BEGIN Data supplied
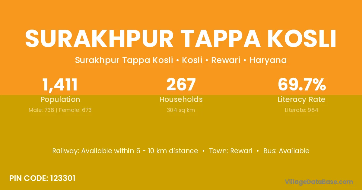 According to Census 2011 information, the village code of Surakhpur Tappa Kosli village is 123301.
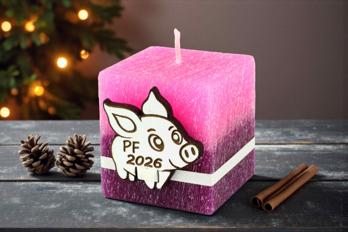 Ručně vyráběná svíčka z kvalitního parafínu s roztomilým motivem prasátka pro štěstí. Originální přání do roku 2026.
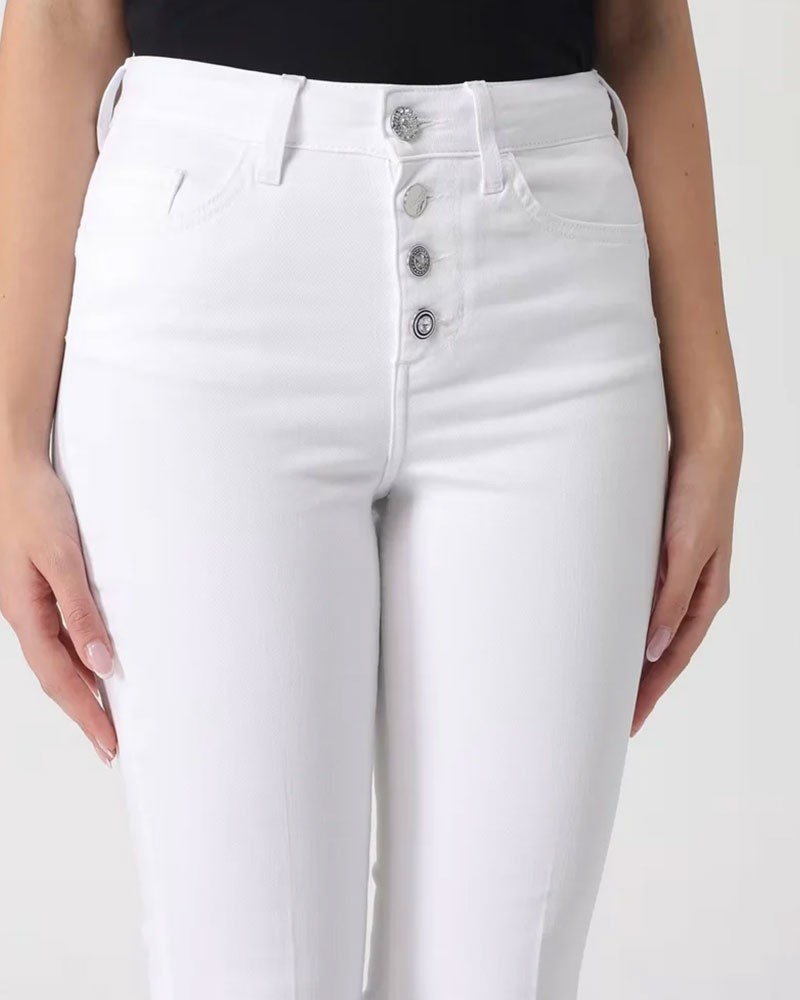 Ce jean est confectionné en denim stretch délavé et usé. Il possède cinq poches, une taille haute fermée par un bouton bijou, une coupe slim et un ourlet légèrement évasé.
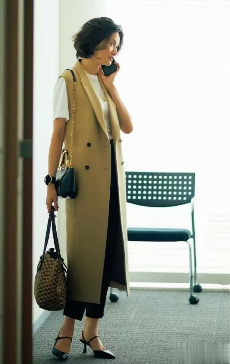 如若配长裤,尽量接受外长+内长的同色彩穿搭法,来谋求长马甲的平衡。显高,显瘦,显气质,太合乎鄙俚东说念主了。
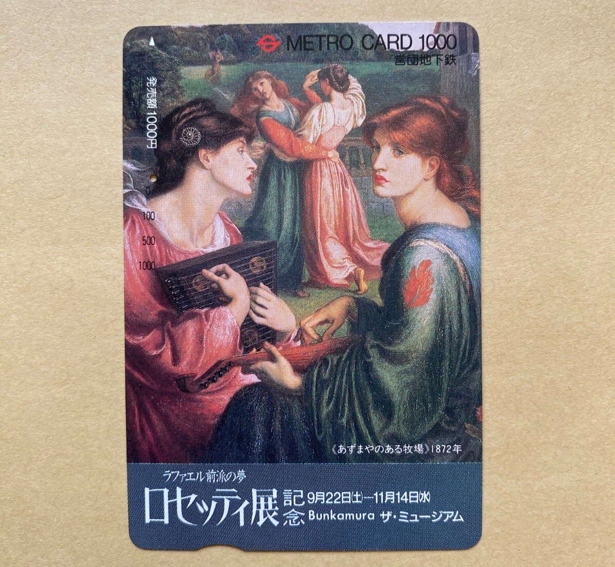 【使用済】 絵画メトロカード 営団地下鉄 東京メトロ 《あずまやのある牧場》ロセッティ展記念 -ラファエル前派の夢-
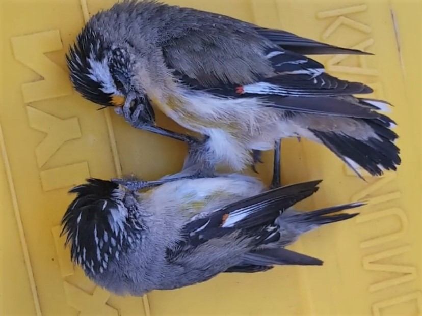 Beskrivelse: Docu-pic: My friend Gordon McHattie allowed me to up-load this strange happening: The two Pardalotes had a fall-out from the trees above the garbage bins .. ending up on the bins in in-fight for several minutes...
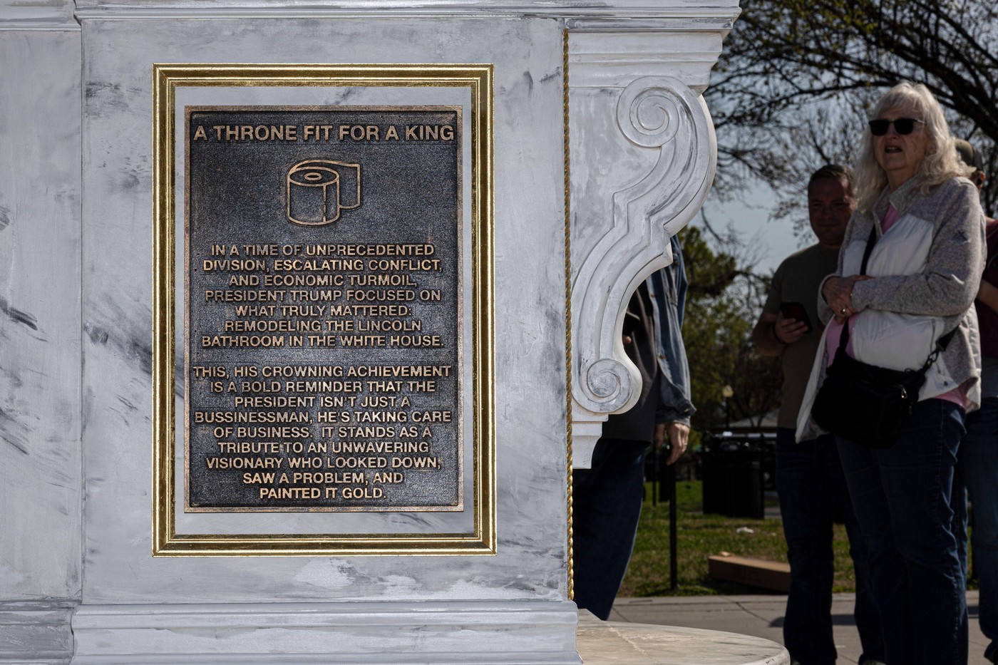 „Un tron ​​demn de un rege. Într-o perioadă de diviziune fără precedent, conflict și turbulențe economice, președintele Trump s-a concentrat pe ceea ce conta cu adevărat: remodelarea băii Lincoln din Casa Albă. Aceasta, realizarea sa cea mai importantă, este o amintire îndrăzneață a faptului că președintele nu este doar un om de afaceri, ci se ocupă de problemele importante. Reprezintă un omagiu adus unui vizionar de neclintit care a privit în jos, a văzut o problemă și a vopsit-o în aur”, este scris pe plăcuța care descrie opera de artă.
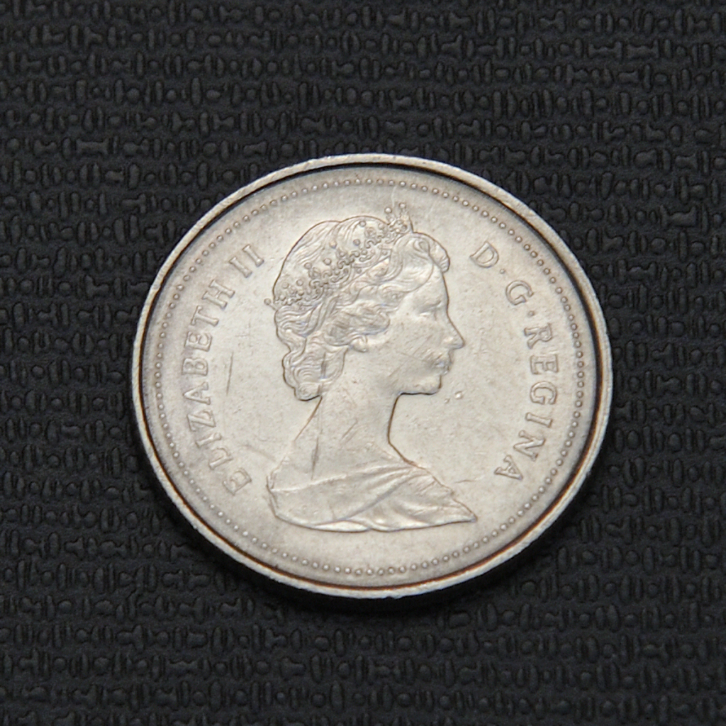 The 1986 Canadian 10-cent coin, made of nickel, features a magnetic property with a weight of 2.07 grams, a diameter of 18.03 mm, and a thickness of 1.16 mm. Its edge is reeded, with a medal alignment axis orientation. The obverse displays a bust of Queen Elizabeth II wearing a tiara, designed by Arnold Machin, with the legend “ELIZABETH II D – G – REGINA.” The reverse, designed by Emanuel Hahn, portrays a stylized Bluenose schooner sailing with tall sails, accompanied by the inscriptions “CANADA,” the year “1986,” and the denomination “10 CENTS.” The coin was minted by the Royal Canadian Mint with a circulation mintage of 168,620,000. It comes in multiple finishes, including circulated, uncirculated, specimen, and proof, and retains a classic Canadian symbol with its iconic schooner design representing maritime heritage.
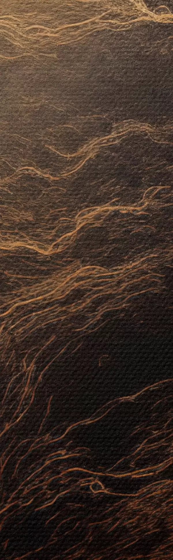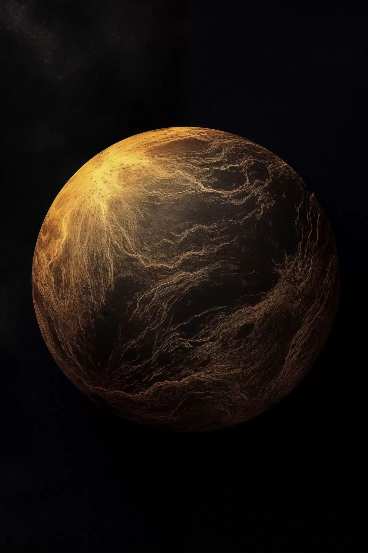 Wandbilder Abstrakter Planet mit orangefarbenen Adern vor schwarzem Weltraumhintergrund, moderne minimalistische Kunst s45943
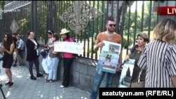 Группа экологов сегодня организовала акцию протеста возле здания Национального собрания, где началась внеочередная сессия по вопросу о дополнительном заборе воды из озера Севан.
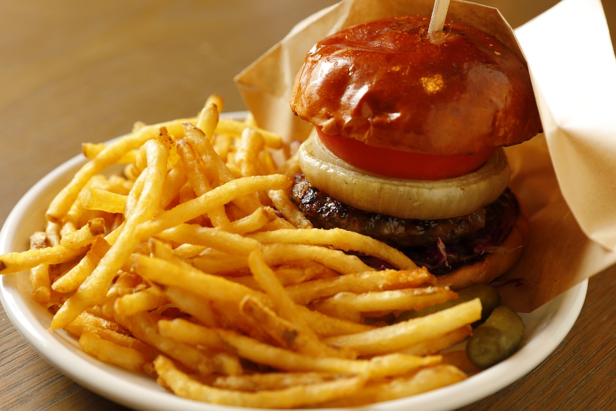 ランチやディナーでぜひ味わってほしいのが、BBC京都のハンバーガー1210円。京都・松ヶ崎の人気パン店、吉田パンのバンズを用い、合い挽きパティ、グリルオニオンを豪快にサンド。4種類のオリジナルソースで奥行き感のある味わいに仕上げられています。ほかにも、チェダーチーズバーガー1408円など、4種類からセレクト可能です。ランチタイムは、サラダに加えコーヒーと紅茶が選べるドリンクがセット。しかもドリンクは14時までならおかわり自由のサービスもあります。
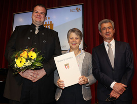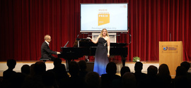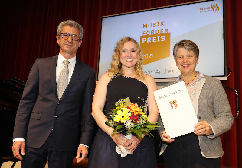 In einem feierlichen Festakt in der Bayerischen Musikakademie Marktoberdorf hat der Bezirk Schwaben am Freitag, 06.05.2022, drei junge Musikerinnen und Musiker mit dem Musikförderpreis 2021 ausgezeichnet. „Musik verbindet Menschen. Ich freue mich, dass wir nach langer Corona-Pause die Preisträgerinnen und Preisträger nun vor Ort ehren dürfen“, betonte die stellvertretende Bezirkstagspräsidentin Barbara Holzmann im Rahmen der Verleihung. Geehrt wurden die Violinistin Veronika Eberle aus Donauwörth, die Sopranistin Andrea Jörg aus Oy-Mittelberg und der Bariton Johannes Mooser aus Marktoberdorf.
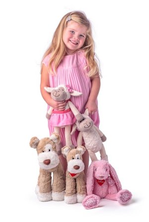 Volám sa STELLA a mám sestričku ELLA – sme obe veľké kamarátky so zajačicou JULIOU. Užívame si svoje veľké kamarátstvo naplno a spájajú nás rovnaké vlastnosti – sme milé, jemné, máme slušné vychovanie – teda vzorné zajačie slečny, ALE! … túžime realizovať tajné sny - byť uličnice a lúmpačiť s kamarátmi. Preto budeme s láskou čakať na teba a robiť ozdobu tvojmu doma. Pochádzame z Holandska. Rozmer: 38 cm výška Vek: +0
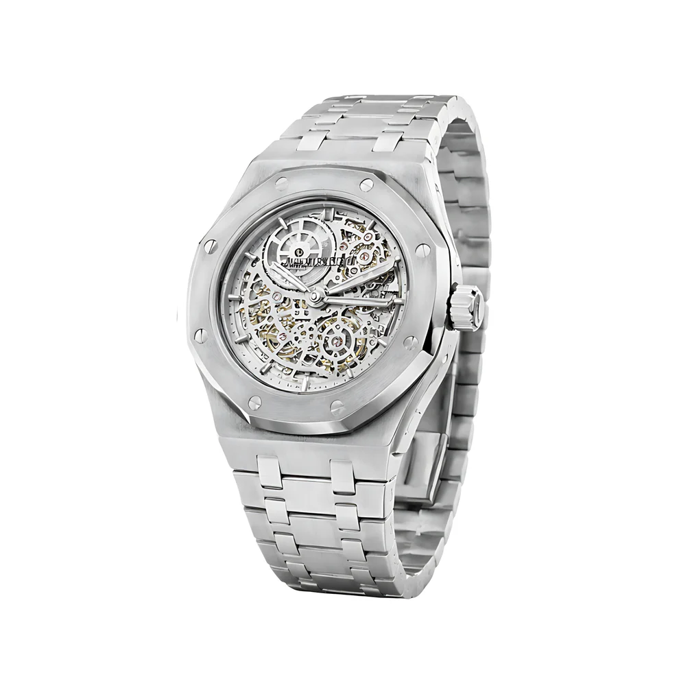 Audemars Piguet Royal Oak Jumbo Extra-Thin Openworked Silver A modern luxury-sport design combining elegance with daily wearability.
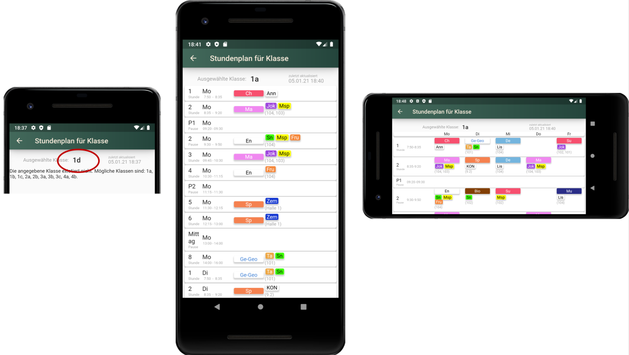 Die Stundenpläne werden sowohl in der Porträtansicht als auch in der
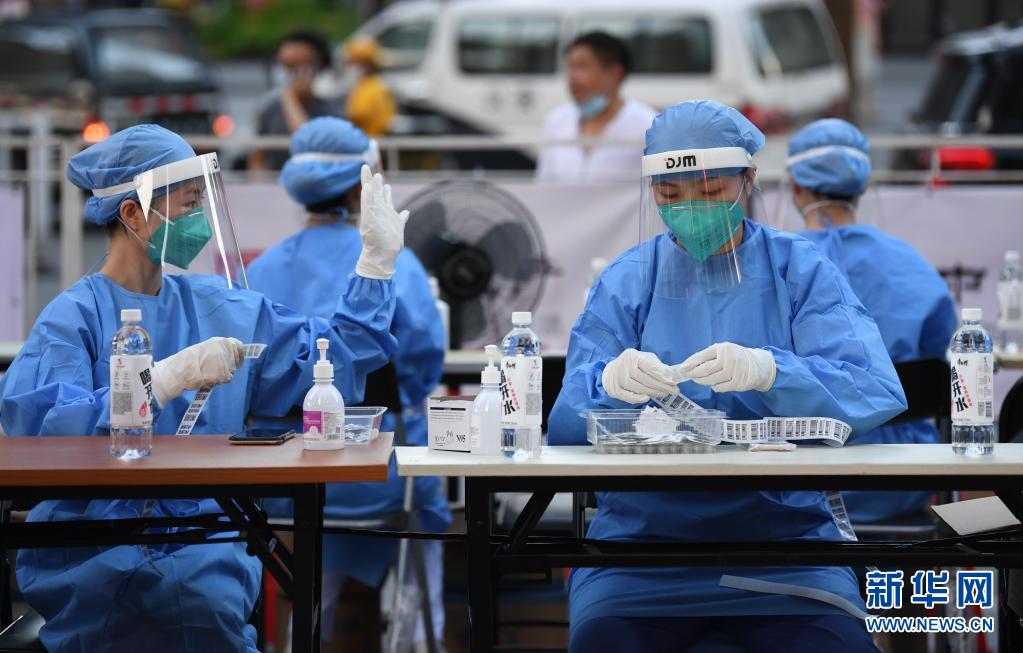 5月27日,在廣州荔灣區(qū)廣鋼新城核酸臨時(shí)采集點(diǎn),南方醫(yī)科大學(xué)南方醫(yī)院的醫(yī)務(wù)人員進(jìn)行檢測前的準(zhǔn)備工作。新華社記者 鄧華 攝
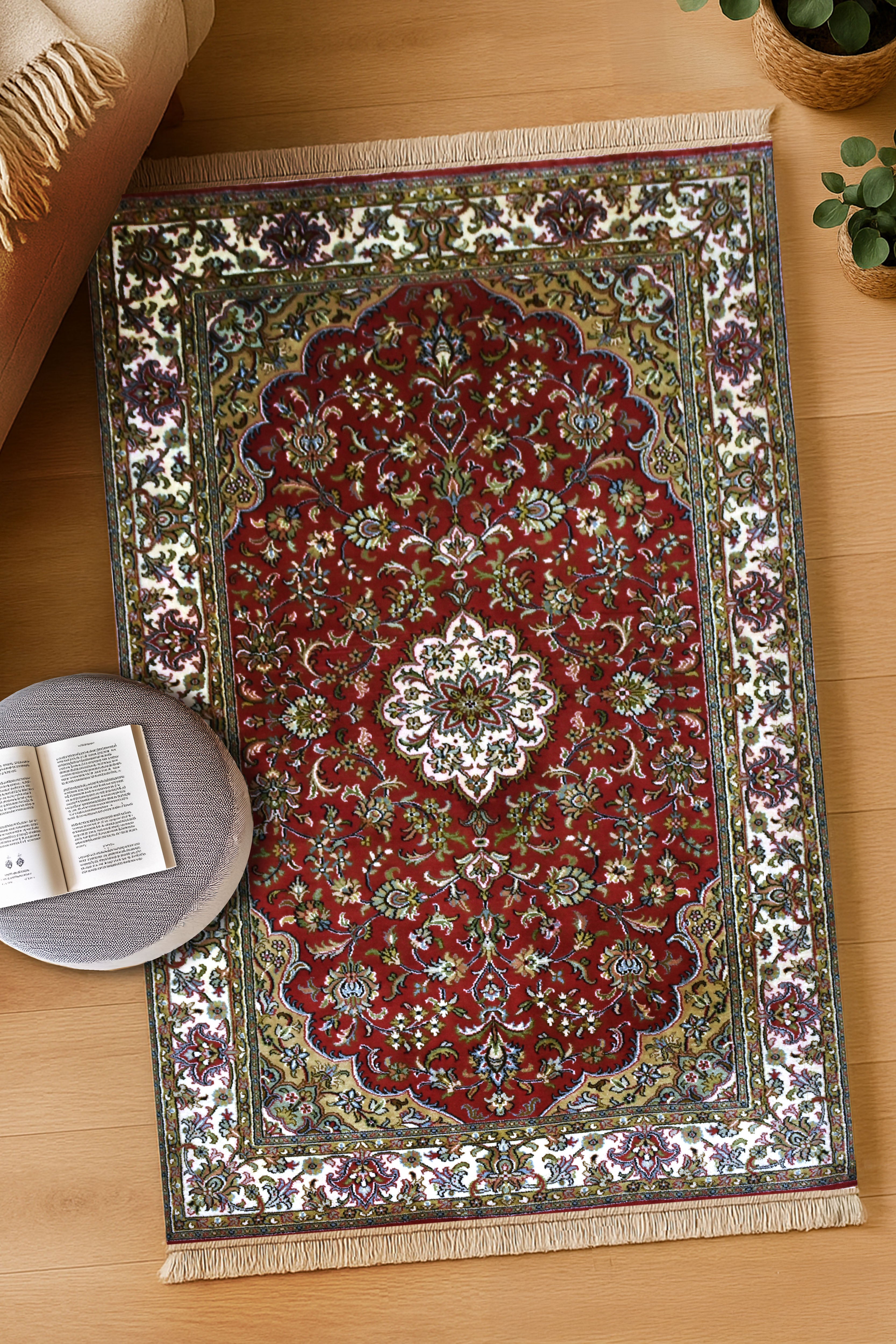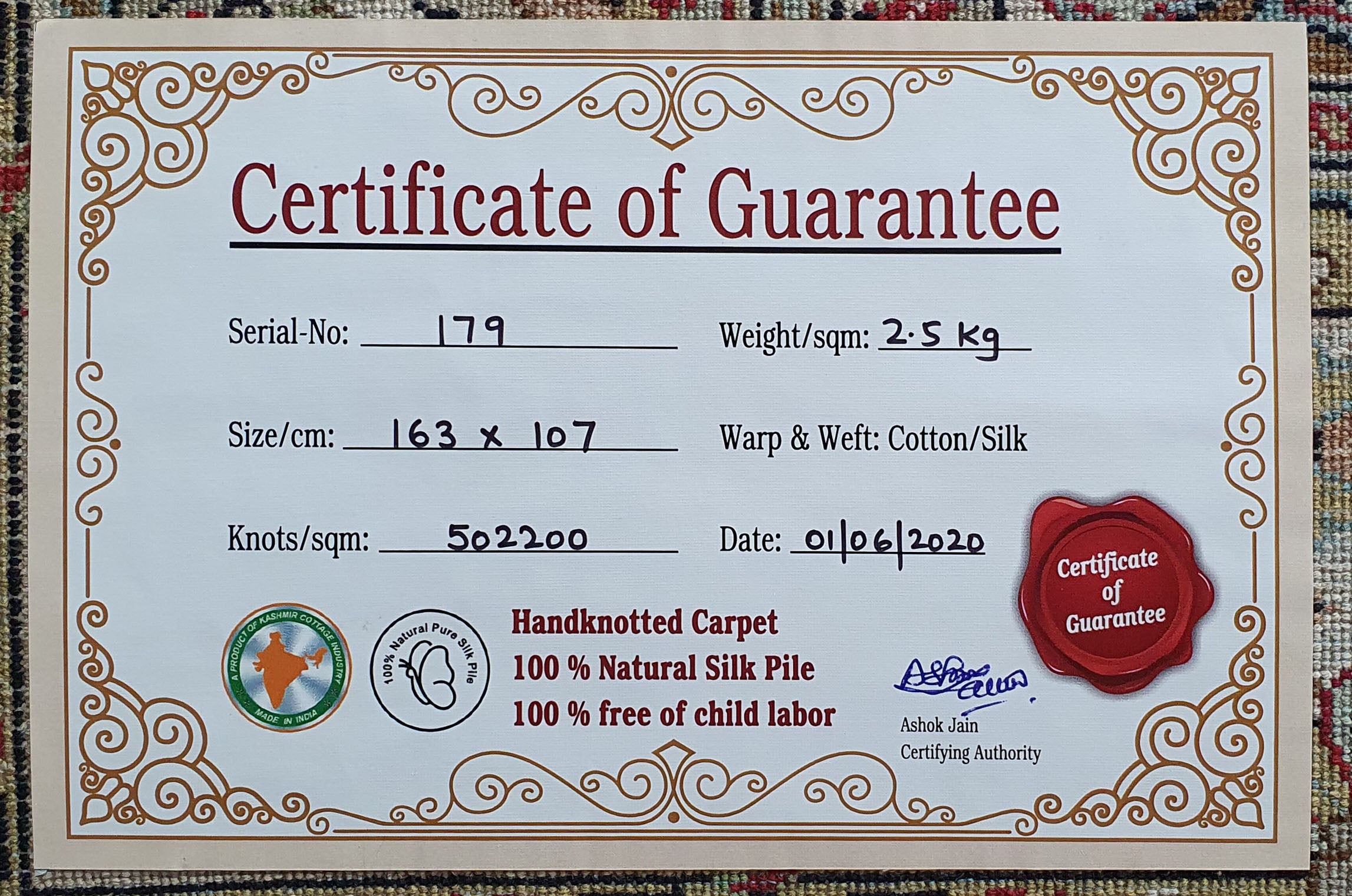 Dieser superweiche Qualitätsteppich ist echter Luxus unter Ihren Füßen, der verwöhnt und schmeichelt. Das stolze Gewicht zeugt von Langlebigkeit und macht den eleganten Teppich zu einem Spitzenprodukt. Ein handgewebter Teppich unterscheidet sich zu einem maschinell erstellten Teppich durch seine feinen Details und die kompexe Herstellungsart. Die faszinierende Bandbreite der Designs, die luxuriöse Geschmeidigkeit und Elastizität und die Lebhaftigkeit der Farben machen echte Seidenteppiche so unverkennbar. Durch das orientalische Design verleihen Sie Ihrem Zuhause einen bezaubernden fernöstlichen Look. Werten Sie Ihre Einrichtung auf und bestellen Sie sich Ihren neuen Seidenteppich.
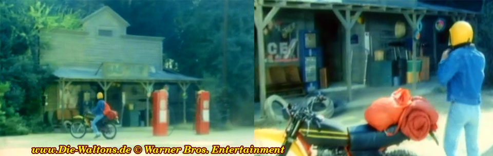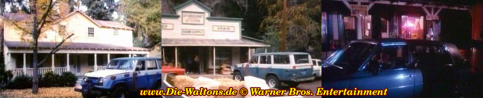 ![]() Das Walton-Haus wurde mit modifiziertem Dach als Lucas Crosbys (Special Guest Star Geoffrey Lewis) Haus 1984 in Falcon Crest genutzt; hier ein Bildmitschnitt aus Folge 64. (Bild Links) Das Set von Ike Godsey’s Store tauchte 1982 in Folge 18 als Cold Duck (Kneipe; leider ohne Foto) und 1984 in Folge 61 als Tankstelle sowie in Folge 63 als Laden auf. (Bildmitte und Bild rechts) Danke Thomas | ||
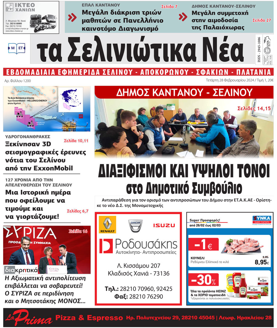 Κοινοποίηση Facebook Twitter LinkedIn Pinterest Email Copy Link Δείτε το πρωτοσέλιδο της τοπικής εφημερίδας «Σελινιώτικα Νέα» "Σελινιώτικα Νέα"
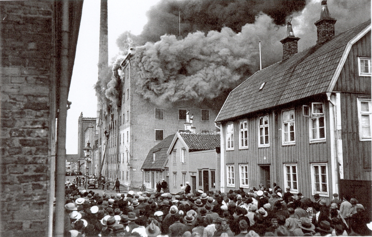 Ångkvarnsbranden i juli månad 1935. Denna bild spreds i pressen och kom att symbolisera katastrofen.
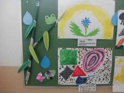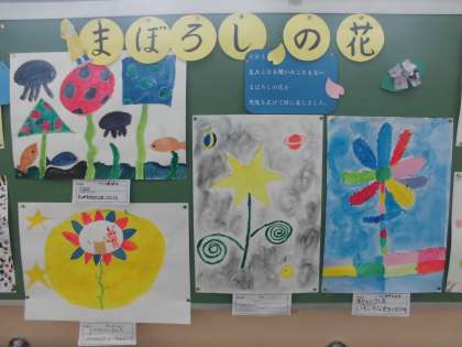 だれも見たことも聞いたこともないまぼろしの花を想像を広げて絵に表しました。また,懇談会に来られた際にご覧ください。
END Data supplied
What the exercise asks:
Using the data above, return the lines from the one holding "如若配长裤,尽量接受外长+内" through the one holding "opera de artă." exactly, but not the pictures.

Solution for this problem:
 如若配长裤,尽量接受外长+内长的同色彩穿搭法,来谋求长马甲的平衡。显高,显瘦,显气质,太合乎鄙俚东说念主了。
 【使用済】 絵画メトロカード 営団地下鉄 東京メトロ 《あずまやのある牧場》ロセッティ展記念 -ラファエル前派の夢-
 Beskrivelse: Docu-pic: My friend Gordon McHattie allowed me to up-load this strange happening: The two Pardalotes had a fall-out from the trees above the garbage bins .. ending up on the bins in in-fight for several minutes...
 „Un tron ​​demn de un rege. Într-o perioadă de diviziune fără precedent, conflict și turbulențe economice, președintele Trump s-a concentrat pe ceea ce conta cu adevărat: remodelarea băii Lincoln din Casa Albă. Aceasta, realizarea sa cea mai importantă, este o amintire îndrăzneață a faptului că președintele nu este doar un om de afaceri, ci se ocupă de problemele importante. Reprezintă un omagiu adus unui vizionar de neclintit care a privit în jos, a văzut o problemă și a vopsit-o în aur”, este scris pe plăcuța care descrie opera de artă.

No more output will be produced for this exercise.